O'Malley worked as a concert and opera singer on the stage and radio in Australia, Europe, and Africa in the late 1920s and 1930s. Her opera repertoire included Amneris in Aida, Azucena in Il trovatore and Princess Eboli in Don Carlos, and she was mentored by Nellie Melba. Her career was interrupted due to World War II during which time she did not perform. In April 1937, she married Dutch businessman Leo Roet in London. Her husband worked as a manufacturer of industrial diamonds.

In 1944 O'Malley immigrated with her husband to the United States, and she became a United States citizen in 1948. She made her Broadway debut in 1944 as a Lady of the Court in the featured vocal octet in Fritz Kreisler's operetta Rhapsody. Her first leading role on Broadway was as Aurelia Popoff in the 1947 revival of the Oscar Straus operetta The Chocolate Soldier at the New Century Theatre. Praised for her portrayal by the New York critics, the production had toured prior to reaching the New York stage; including stops at the Forrest Theatre in Philadelphia (1947) and the Colonial Theatre, Boston (1947). She later reprised the role at several regional theaters, including the Pittsburgh Civic Light Opera (1949) and the Starlight Theatre, Kansas City, Missouri (1956). She also performed the role for NBC in the 1950 television adaptation of the operetta broadcast on Musical Comedy Time.

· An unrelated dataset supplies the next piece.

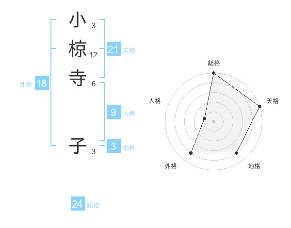 小椋寺 子さんを姓名の画数から五運を鑑定
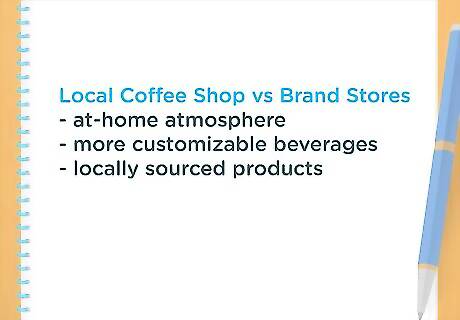 Provide a competitive analysis. Identify your competitors’ market share and then discuss their strengths and weaknesses. Also explain how you will take advantage of current competitor weaknesses. Usually, you will offer a service that your competitors don’t, but you might also provide a different experience. For example, a children’s boutique might find that there is no one within driving distance who offers original children’s clothing. Instead, the only competitors might be box stores who offer popular brands. A coffee shop might compete by offering a comfortable, at-home atmosphere that brand stores cannot create.

O'Malley received good reviews portraying a variety of roles in the 1949 Jean Kerr and Walter Kerr musical revue Touch and Go at the Broadhurst Theatre. However, her greatest successes on Broadway were in three musicals by Oscar Hammerstein II, beginning with the role of Grandma Taylor in the original production of Rodgers and Hammerstein's Allegro in 1947. This was followed by the role of Lilli in the 1951 revival of the Jerome Kern and Hammerstein musical Music in the Air at the Ziegfeld Theatre. Her last appearance on Broadway was portraying Sister Margaretta in the original 1959 production of The Sound of Music.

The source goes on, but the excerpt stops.